____ THE INPUT

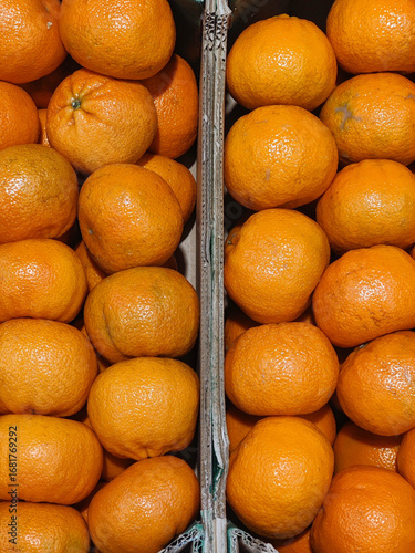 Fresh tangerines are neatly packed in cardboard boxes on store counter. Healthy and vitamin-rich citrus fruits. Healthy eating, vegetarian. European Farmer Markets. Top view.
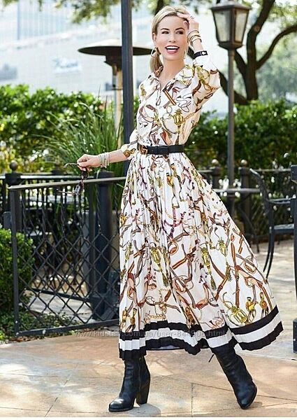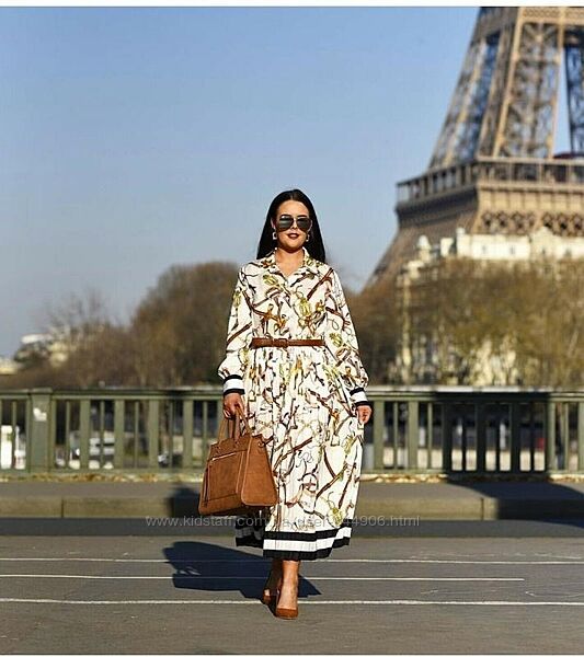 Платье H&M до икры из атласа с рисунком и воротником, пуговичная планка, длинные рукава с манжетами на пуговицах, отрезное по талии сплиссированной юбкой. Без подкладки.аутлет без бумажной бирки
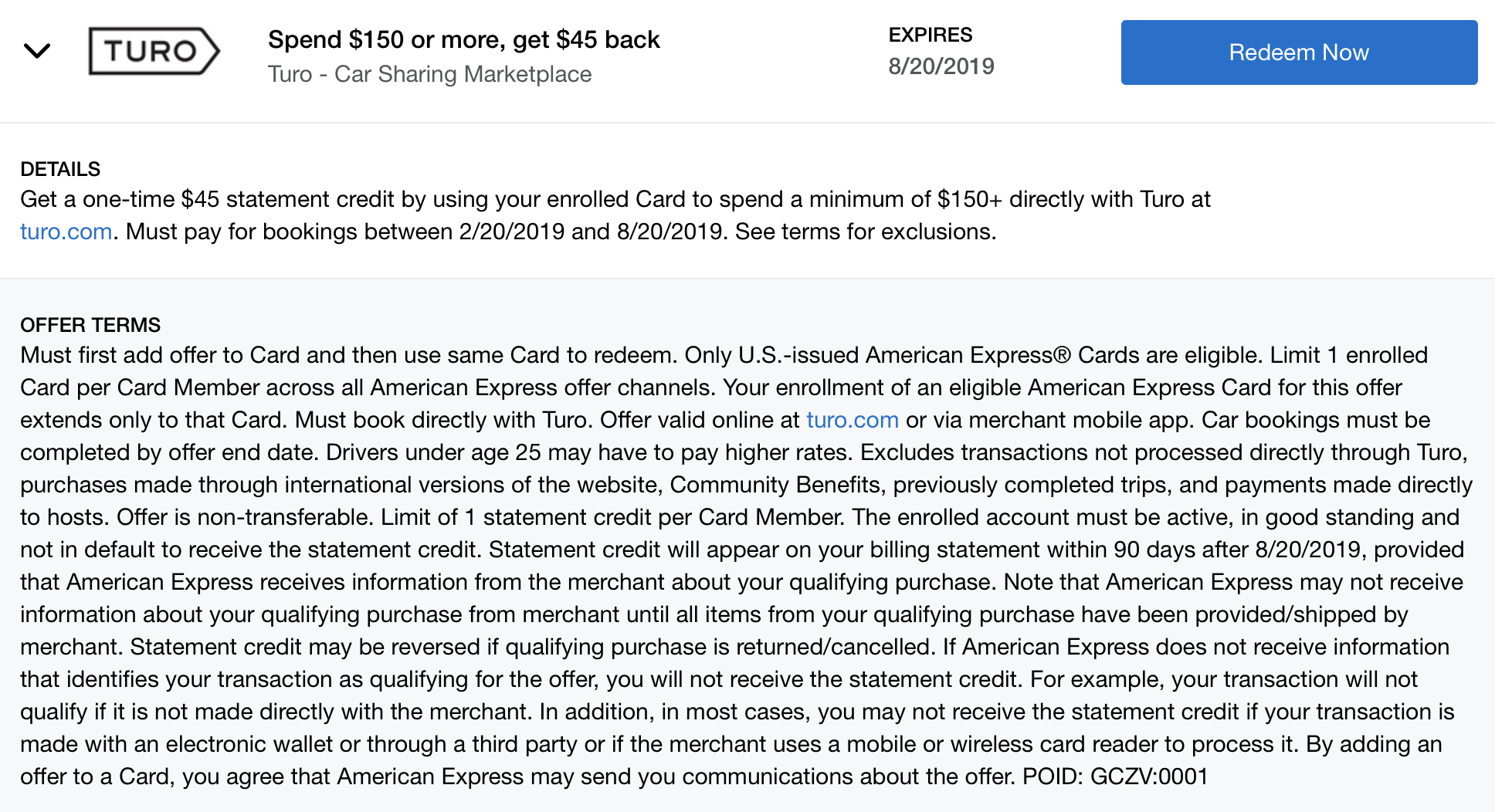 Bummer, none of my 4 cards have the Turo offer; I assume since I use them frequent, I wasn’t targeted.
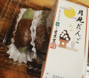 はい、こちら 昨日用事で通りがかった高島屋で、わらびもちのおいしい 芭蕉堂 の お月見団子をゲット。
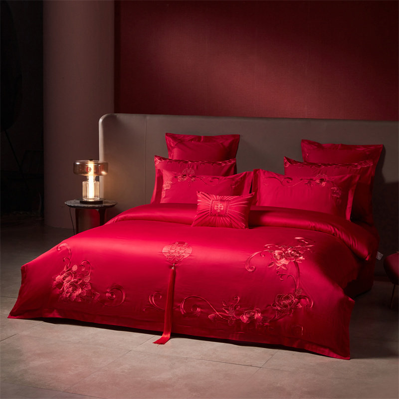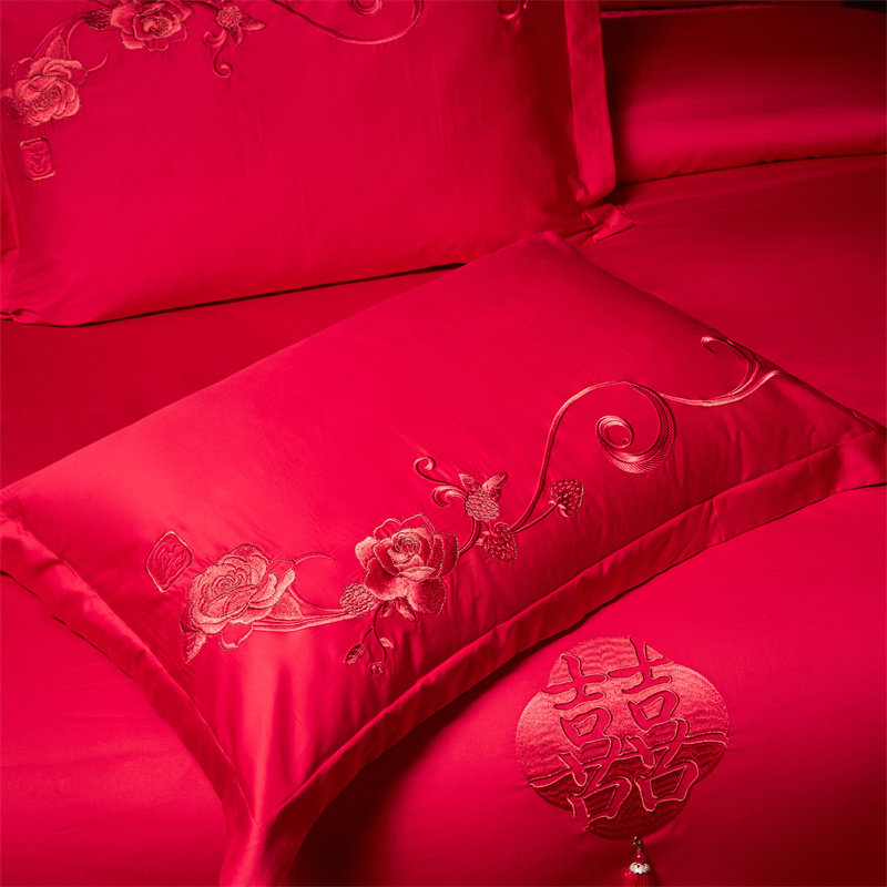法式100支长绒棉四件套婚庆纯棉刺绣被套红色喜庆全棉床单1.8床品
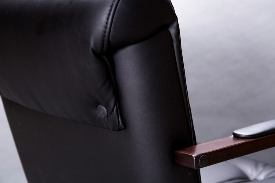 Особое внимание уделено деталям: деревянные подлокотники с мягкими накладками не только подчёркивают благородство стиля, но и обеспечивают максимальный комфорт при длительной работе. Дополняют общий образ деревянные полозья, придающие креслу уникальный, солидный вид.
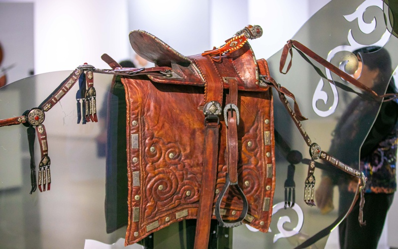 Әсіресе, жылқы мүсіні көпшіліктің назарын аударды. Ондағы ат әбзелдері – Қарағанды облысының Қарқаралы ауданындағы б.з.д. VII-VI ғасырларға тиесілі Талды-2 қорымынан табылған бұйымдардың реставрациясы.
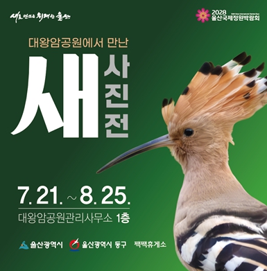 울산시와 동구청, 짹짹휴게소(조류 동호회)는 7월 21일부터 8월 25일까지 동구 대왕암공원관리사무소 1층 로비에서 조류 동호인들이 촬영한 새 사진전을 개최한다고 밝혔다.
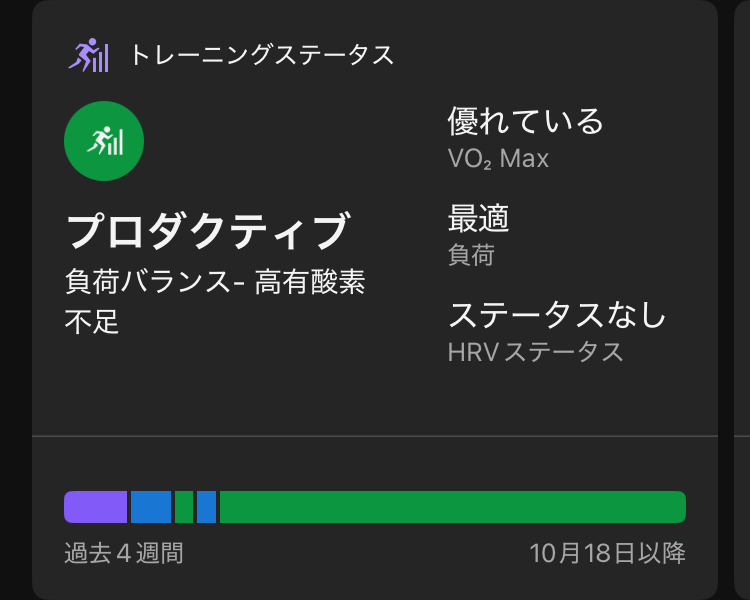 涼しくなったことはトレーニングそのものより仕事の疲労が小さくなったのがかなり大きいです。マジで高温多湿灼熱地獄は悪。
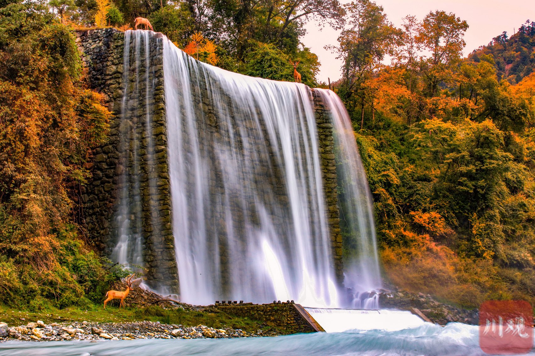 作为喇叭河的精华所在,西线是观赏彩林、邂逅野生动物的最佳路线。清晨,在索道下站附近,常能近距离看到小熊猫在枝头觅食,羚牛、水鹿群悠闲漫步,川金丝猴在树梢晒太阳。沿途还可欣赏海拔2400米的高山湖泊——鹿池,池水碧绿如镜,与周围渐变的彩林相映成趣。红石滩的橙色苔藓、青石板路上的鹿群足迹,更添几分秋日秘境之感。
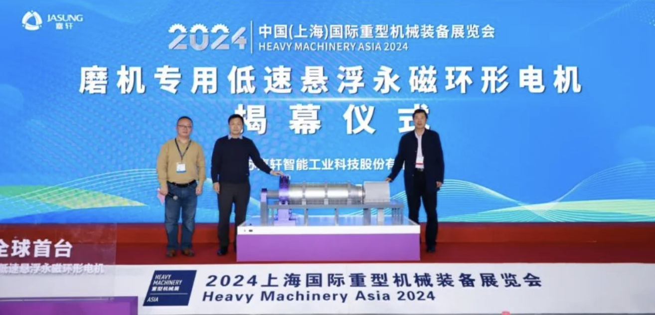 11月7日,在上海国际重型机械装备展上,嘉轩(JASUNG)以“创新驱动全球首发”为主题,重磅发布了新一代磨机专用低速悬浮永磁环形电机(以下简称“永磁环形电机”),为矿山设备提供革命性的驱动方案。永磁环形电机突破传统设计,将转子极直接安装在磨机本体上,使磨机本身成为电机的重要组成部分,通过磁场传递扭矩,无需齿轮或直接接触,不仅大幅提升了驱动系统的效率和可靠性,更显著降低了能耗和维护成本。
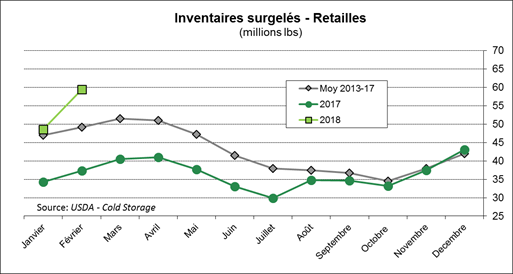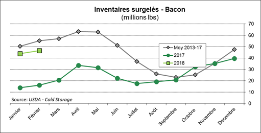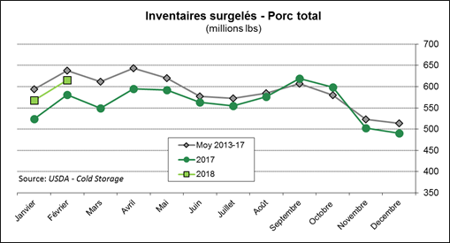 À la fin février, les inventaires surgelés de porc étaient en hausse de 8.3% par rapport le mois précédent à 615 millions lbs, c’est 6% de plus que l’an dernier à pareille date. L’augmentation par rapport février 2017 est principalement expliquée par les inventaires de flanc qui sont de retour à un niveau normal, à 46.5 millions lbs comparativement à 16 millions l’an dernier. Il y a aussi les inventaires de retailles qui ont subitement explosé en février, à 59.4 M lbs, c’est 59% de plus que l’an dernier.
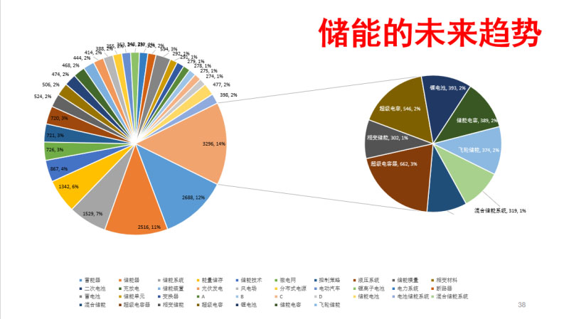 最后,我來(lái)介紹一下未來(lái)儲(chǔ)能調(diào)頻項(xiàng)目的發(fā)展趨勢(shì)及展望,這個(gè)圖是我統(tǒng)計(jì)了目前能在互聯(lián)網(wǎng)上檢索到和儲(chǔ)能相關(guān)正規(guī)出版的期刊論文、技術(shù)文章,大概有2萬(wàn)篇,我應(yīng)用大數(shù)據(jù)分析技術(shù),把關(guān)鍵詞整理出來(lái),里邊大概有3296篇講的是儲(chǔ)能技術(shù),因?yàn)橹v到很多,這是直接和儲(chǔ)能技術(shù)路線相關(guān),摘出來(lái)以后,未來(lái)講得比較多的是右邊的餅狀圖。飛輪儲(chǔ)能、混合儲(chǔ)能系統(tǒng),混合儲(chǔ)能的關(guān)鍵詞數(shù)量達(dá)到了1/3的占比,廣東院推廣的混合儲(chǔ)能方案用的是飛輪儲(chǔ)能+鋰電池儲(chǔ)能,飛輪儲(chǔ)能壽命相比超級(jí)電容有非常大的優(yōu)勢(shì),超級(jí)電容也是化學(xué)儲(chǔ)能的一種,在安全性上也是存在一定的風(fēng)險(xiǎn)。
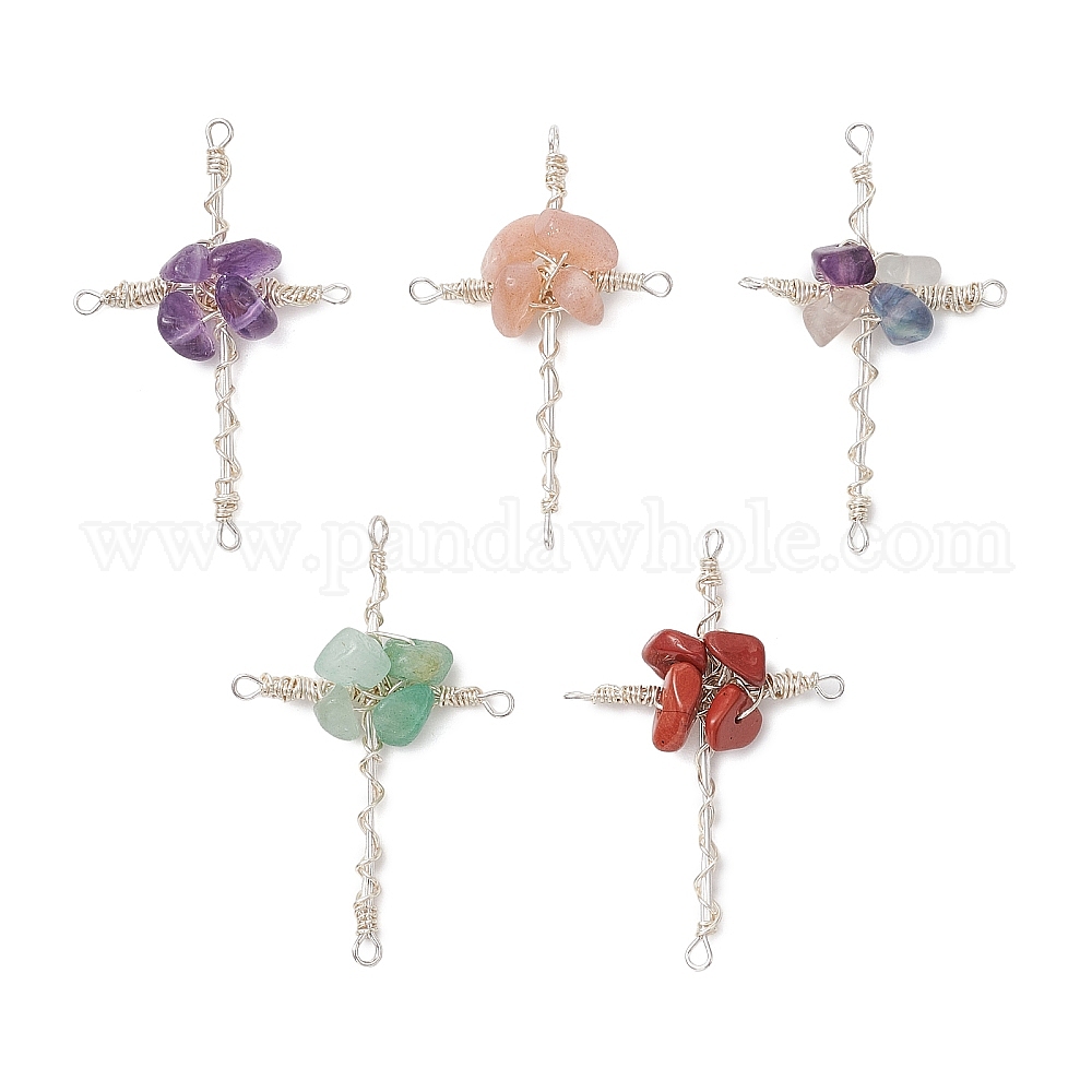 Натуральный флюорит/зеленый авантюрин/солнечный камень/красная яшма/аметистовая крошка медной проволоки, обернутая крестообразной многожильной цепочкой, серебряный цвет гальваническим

________

**TASK INSTRUCTIONS:**
Using the data above, which lines fall from the one with "Особое внимание уделено" through the one with "作为喇叭河的精华所在,西线是"? Repeat them exactly, ends included, minus any pictures.

**EXERCISE SOLUTION:**
 Особое внимание уделено деталям: деревянные подлокотники с мягкими накладками не только подчёркивают благородство стиля, но и обеспечивают максимальный комфорт при длительной работе. Дополняют общий образ деревянные полозья, придающие креслу уникальный, солидный вид.
 Әсіресе, жылқы мүсіні көпшіліктің назарын аударды. Ондағы ат әбзелдері – Қарағанды облысының Қарқаралы ауданындағы б.з.д. VII-VI ғасырларға тиесілі Талды-2 қорымынан табылған бұйымдардың реставрациясы.
 울산시와 동구청, 짹짹휴게소(조류 동호회)는 7월 21일부터 8월 25일까지 동구 대왕암공원관리사무소 1층 로비에서 조류 동호인들이 촬영한 새 사진전을 개최한다고 밝혔다.
 涼しくなったことはトレーニングそのものより仕事の疲労が小さくなったのがかなり大きいです。マジで高温多湿灼熱地獄は悪。
 作为喇叭河的精华所在,西线是观赏彩林、邂逅野生动物的最佳路线。清晨,在索道下站附近,常能近距离看到小熊猫在枝头觅食,羚牛、水鹿群悠闲漫步,川金丝猴在树梢晒太阳。沿途还可欣赏海拔2400米的高山湖泊——鹿池,池水碧绿如镜,与周围渐变的彩林相映成趣。红石滩的橙色苔藓、青石板路上的鹿群足迹,更添几分秋日秘境之感。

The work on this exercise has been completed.